Full fat milk, yoghurt and cheese receives a tick

Based on a substantial review of current research, the Heart Foundation now recommends unflavoured full-fat milk, yoghurt and cheese as a healthy option for Australians, while the limit on the amount of eggs that can be eaten per week has been raised.

“We have removed our restriction for healthy Australians on eating full-fat milk, cheese and yoghurt,” confirmed Heart Foundation Chief Medical Advisor, cardiologist Professor Garry Jennings.

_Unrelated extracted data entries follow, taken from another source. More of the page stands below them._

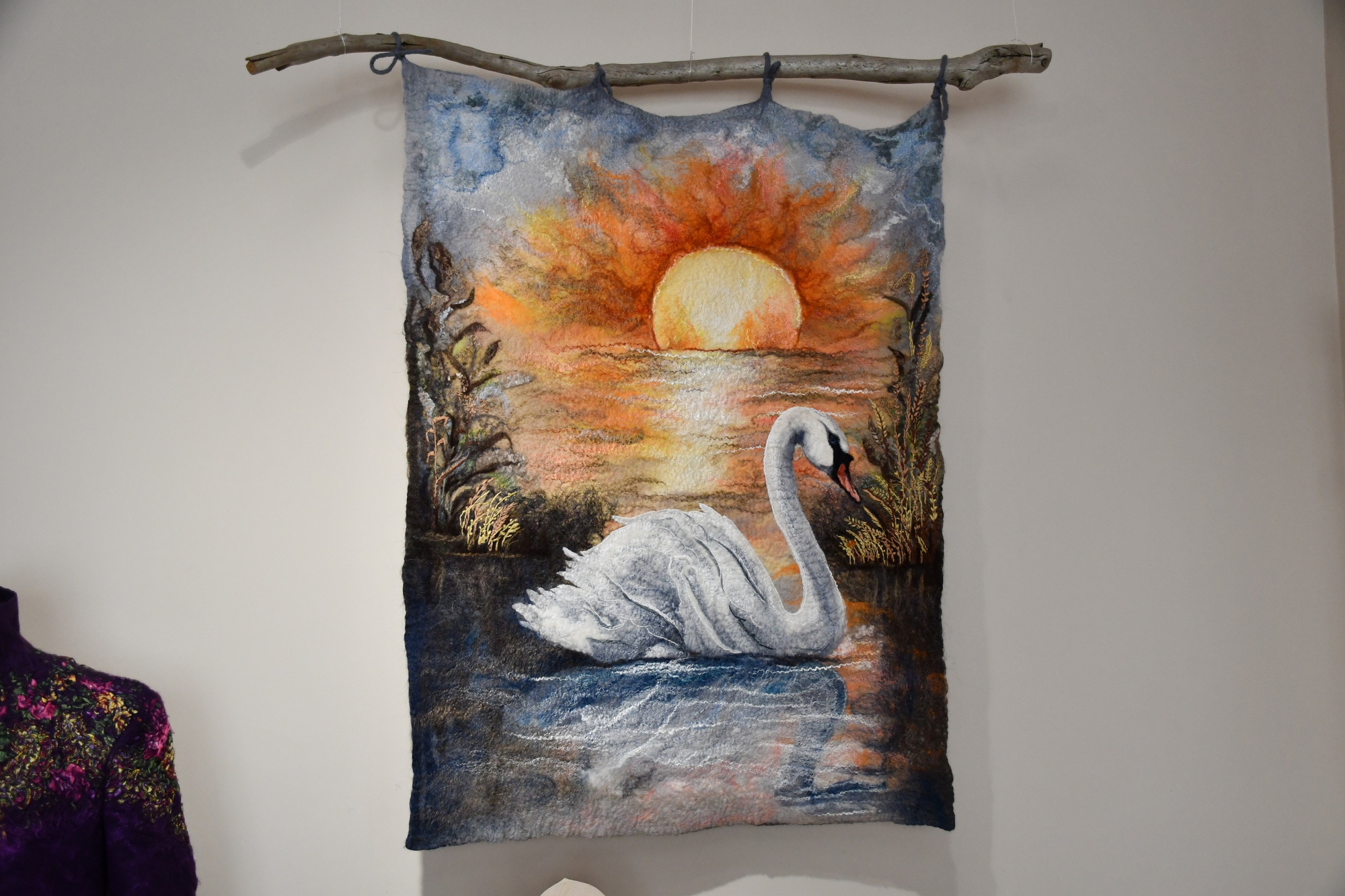 Наталья Веремей из Славгорода свое первое изделие в технике «валяние на шелке» сделала около восьми лет назад. «Я каждый день открываю для себя что-то новое. Приглашение на выставку стало стимулом для изготовления панно. Удовольствие творить нельзя сравнить ни с чем. Творить не устану, покоя не знаю!» – сказала мастерица в своем эмоциональном выступлении.
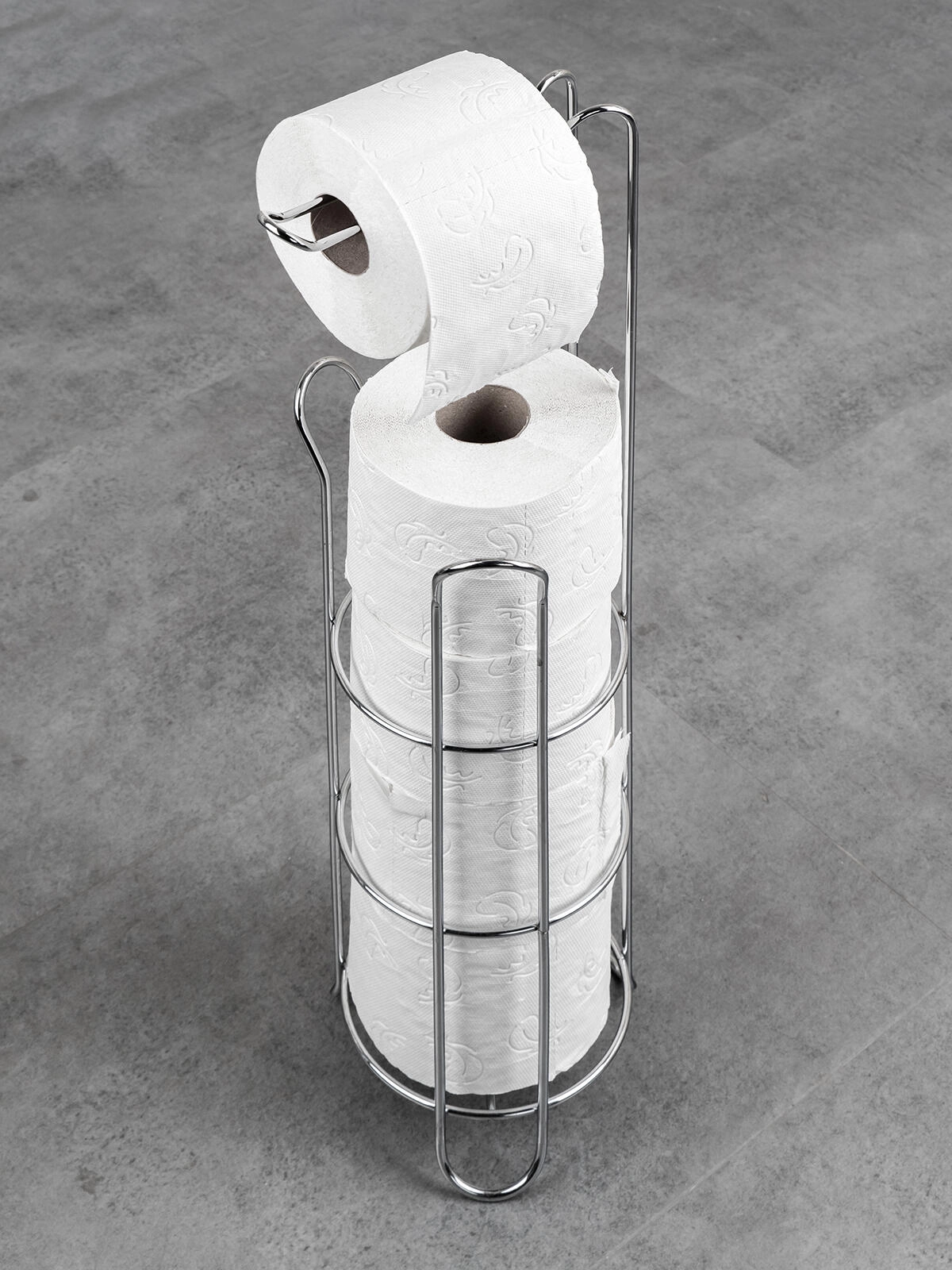Vertikalna žičana konstrukcija prima 3 rezervne role, a dodatnu rolu lako postavite na gornju ruku za trenutačnu upotrebu.
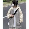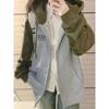 Women's Oversized Retro Color Block Patchwork Hooded Sweatshirt Jacket for Autumn

“While the evidence was mixed, this type of dairy was found to have a neutral effect, in that it doesn’t increase or decrease your risk of heart disease or stroke.”

Heart Foundation Director of Prevention, Julie Ann Mitchell adds that healthy eating advice needs to reflect new evidence.

“Our focus needs to be squarely on promoting healthy foods over unhealthy foods, with a comprehensive national approach, grounded in evidence, that helps make the healthy choice the easy choice,” she said.

A word of caution

The caveat with the updated advice is people with known high cholesterol or heart disease.

“For people who suffer high cholesterol or heart disease, we recommend unflavoured reduced-fat milk, yoghurt and cheese, and eating less than seven eggs per week,” advised Professor Jennings.

Professor Jennings adds that the egg recommendation for people with Type 2 Diabetes remains at fewer than seven eggs per week as well, due to growing evidence that suggests “an increased risk with eating more eggs”.  

“Butter, cream, ice-cream and dairy-based desserts are not recommended as heart-healthy, as they contain higher fat and sugar levels and less protein. Evidence found the dairy fat in milk, cheese and yoghurt does not raise LDL cholesterol levels as much as butter or other dairy products,” Professor Jennings added.  

Limit red meat

While changes in recommendations around dairy and eggs have changed, the Heart Foundation maintains its advice on red meat and states that many Australians need to rethink how much red meat they’re eating.

Professor Jennings advises limiting red meat to less than 350 grams per week, or one to three lean red meat (unprocessed beef, lamb, pork and veal) meals a week.

Excessive intake of red meat intake is said to be associated with increased risk of heart disease and stroke, and may lead to weight gain.

However, Professor Jennings warns against processed or deli meats ­– these should be limited “as they have been consistently linked to a higher risk of heart disease and other chronic conditions”.

A whole lifestyle approach

The Heart Foundation’s dietitian, Sian Armstrong says the focus needs to be on the whole diet ­– “the big picture” and “choosing a variety of healthy foods, regularly”.

“Eating more plant-based foods like vegetables, fruits and wholegrains, and healthy proteins like fish and seafood with smaller amounts of animal-based foods, while cutting down on highly processed junk foods is the key to good heart health,” she said.

While poor diet is a known leading contributor to heart disease, Ms Armstrong says limiting alcohol, not smoking, maintaining a healthy weight and exercising regular are also keys to heart health.